Opinión

Aleph

La niñez y la clase política

Carolina Escobar Sarti

Carolina Escobar Sarti

¿Qué tiene que ver la niñez de Guatemala con el cisma político que Jimmy Morales, en su calidad de presidente, provocó a partir del 27 de agosto recién pasado, cuando declaró non grato a Iván Velásquez, símbolo de la lucha frontal contra la corrupción enquistada en el país? ¿Cómo se relaciona la dramática realidad de una gran parte de la niñez y adolescencia guatemaltecas, con los desmanes de los diputados y demás funcionarios corruptos que tienen secuestrado al Estado?

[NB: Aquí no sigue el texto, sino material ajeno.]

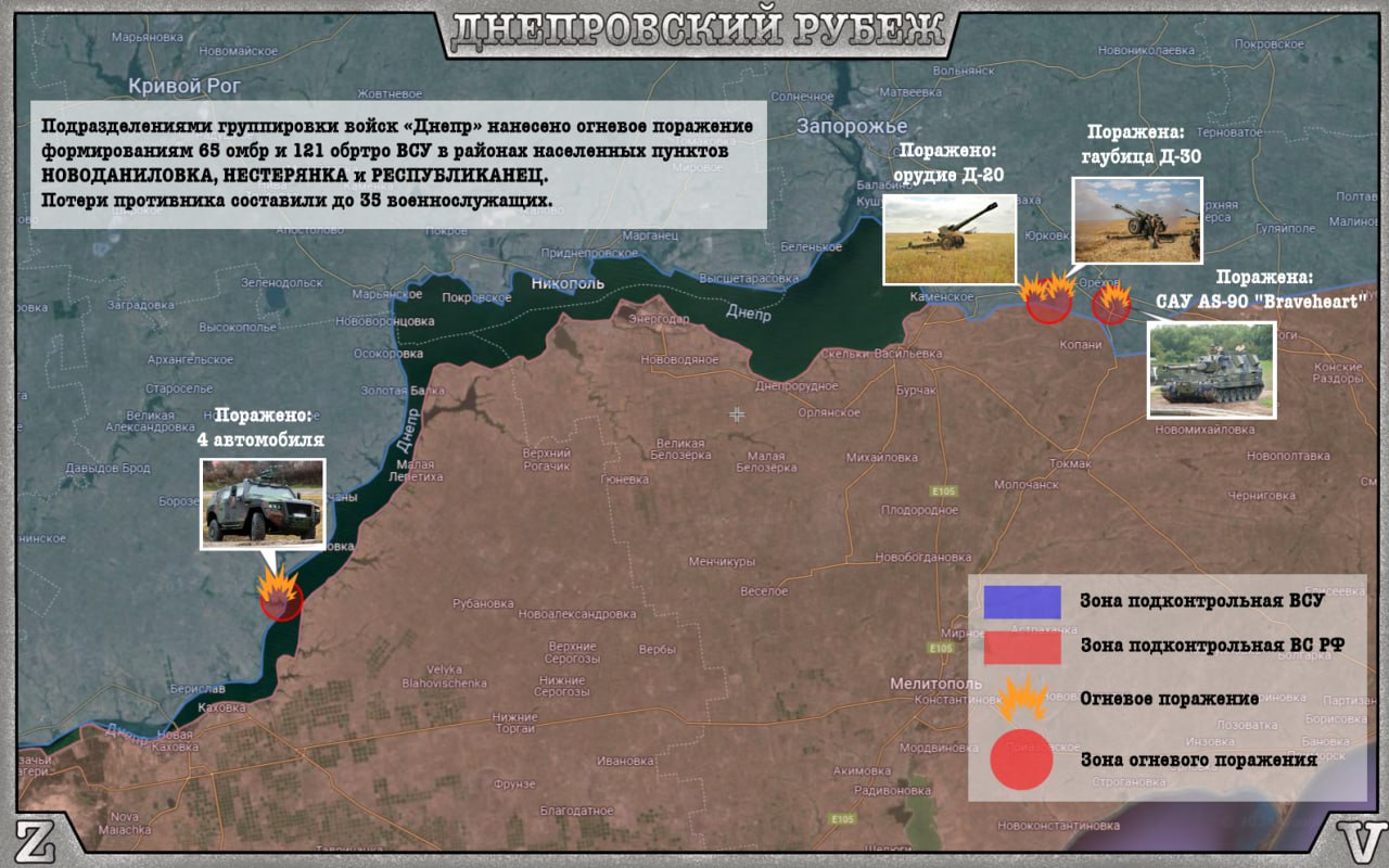 Потери ВСУ составили до 35 военнослужащих, четыре автомобиля, 155 мм самоходная артиллерийская установка AS-90 «BraveHeart» производства Великобритании, 152 мм орудие Д-20 и 122 мм гаубица Д-30, пишет Телеграм-канал Днепровский Рубеж.

En la coyuntura del Día Internacional del Niño y la Niña, Jimmy Morales usó una frase de Franklin D. Roosevelt para recordarnos que: “No siempre se puede construir un futuro para nuestros niños y jóvenes, pero siempre podremos construir niños y jóvenes para el futuro”. Dijo, además, que los cambios que realmente hacen historia son los que se hacen desde los hogares cada día.

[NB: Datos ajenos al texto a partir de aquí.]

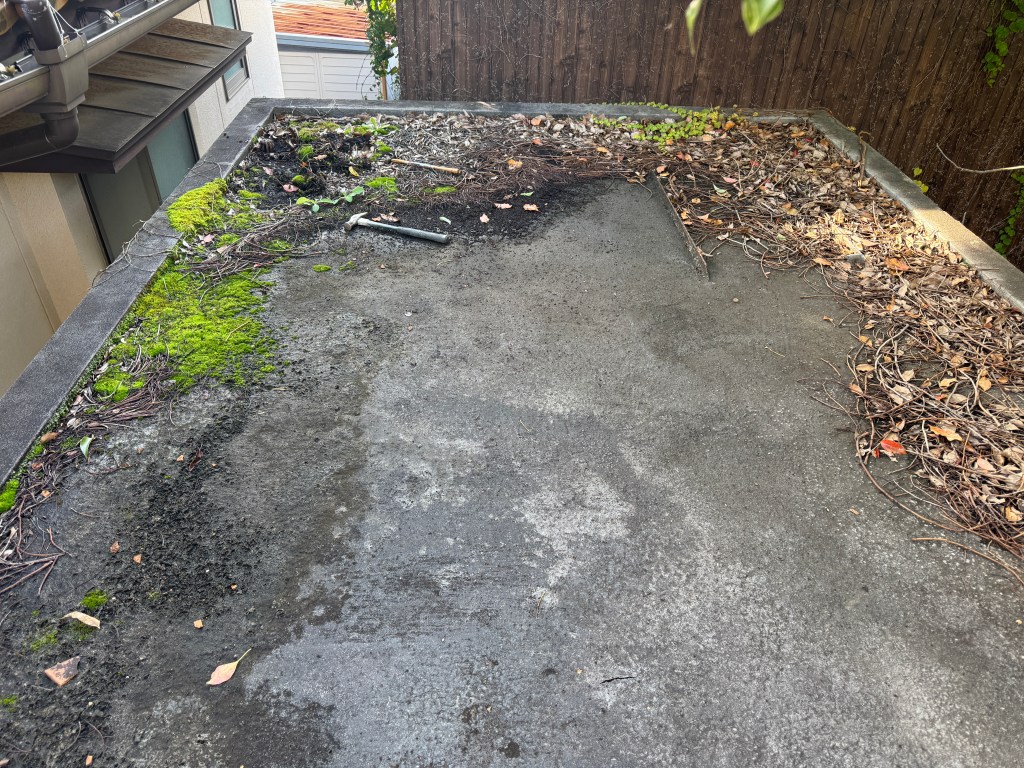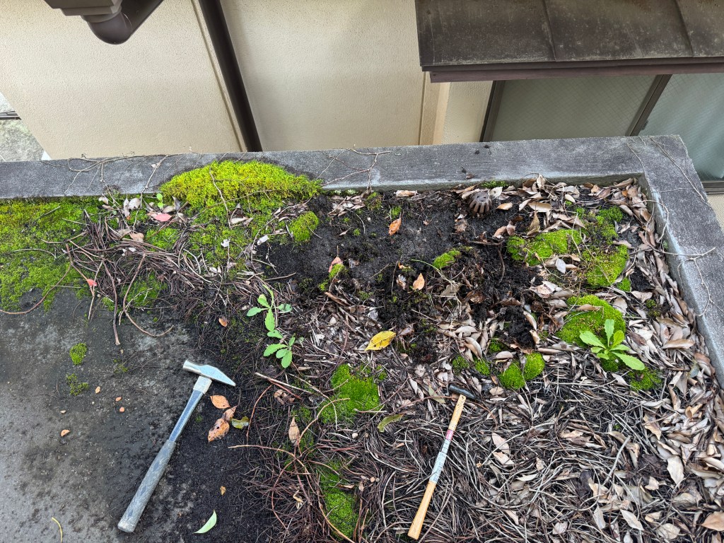 屋根の片隅に排水口を見つけました。泥や枯れ葉で、水が流れなくなっていました。水の流れが極端にわるいため、泥や枯れ葉に水分が残るため、湿気が年月をかけてコンクリートに浸透していったのでしょう。

Cuando una persona entiende de qué habla, sabe que toda frase debe ser contextualizada y validada en el lugar y tiempo en los cuales se pronuncia. No es suficiente que la haya dicho un presidente estadounidense hace un siglo, en otro contexto, para que sea buena para Guatemala. Es más, fue el mismo Roosevelt (o su Secretario de Estado, según otras fuentes) quien dijo también aquella lapidaria frase: “Puede ser que Somoza sea un hijo de p..., pero es nuestro hijo de p...”. Otros tiempos, otras realidades, otros lenguajes. En fin, vuelvo a la declaración de Morales, que resulta ser muy desafortunada por tres razones: porque Guatemala es calificada como uno de los países del mundo con los indicadores más alarmantes en niñez y adolescencia; porque también estamos entre los primeros lugares planetarios de corrupción; y porque sin empleo, educación, justicia, salud, alimentación y techo no hay “hogares” posibles. Si un Estado no provee las condiciones idóneas para que se desarrollen las personas y las familias, no podemos asegurar que esos padres y madres que medio sobreviven, formen niñas y niños felices. Solo cuando las grandes políticas públicas se construyan con un enfoque de niñez y adolescencia cambiará realmente el rostro de Guatemala.

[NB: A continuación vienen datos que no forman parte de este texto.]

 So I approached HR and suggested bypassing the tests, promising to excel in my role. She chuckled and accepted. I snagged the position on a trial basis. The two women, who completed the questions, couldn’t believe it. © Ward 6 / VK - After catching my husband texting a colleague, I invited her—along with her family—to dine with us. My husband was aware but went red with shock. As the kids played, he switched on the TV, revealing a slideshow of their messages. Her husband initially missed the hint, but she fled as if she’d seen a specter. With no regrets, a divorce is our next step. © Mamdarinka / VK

En esta intersección me quedo: en el punto de relación entre corrupción y niñez, porque lo cierto es que no se puede construir ningún futuro para nadie en un Estado secuestrado por corruptos y ladrones. Tal vez eso quiso decir Morales, pero tampoco podemos formar ciudadanos para el futuro en esas circunstancias. Icefi habló hace poco (conservadoramente) de pérdidas anuales aproximadas por corrupción de US$550 millones anuales en Guatemala, mientras que apenas se invierten US$0.73 centavos por niño/a diariamente. Esto se refleja en cifras proporcionadas por las mismas instancias del Estado relacionadas con niñez y adolescencia: del 2009 al 2016, bajó significativamente la tasa neta de cobertura educativa en todos los niveles; la desnutrición crónica sigue manteniendo la relación de uno de cada dos niños menores de 5 años en todo el territorio nacional; los nacimientos en niñas y adolescentes entre 10 y 17 años siguen dándose sin que nadie los pare; cada día en Guatemala mueren por violencia dos niñas, niños o adolescentes. Y esto no para allí, incluso hay cifras conservadoras de la última Encovi, sobre 800 mil niñas, niños y adolescentes trabajadores (cifras de otras instancias reportan hasta un millón 200 mil). Del hambre en adelante, considero que lo que viven millones de niñas y niños en Guatemala es tortura. ¿Y luego quieren hombres y mujeres “buenos” construyendo al país?

Y como nos gustan las frases, termino con esta: “Para destruir una nación no se requiere de bombas atómicas o misiles de largo alcance. Solo se necesita bajar el nivel de educación y permitir que se copie en los exámenes” (frase a la entrada de una universidad en Sudáfrica).